Mississippi lawmakers could be moving toward putting more Medicaid recipients into the state's managed care program. MPB's Jeffrey Hess reports the three year old program has already drawn passionate resistance.

The Mississippi Division of Medicaid wants to put more people into the managed care program, in which the state pays a per person fee rather then paying for each medical treatment.

However, a cap instituted by the legislature is preventing them from doing so.

Medicaid director Dr. David Dzielak is asking the Senate Medicaid committee to remove that cap and let him move more Mississippians into managed care to save the state money.

"We have seen a 40-million dollar savings, this is state dollars now, through the managed care program," Dzielak said.

In the programs short existence it has drawn sharp criticism from providers and hospitals who say the program's cost savings are the result of denying services or not paying claims.
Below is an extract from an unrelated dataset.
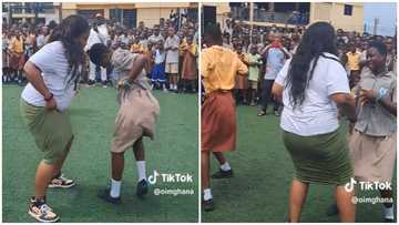 Curvy lady displays nice moves as she battles two students in a dance competition, adorable video earns praise online

Timothy Moore with the Mississippi Hospitals Association says hospitals are beset with numerous cuts from the state and federal level and cannot bare another round of reductions.

"Another dramatic change in Medicaid over the next year will be catastrophic to the hospitals. If we look at that model and extrapolate that out to inpatient and outpatient it is a huge issue for Mississippi hospitals," Moore said.

Two insurance companies run the manage care program.

The CEO of one of them Jason Dees defended the company's track record saying they save money by better managing patients and leveraging data to streamline medicine.

"But I think one of the thing that happens in providers hear horror stories from other providers and than they have one little thing that acutally goes wrong and than that get amplified," dees said.

Throughout the hearing the topic of expanding the Medicaid program to cover more Mississippians arose, as Democrats continue to push issue every time the program's future becomes a question.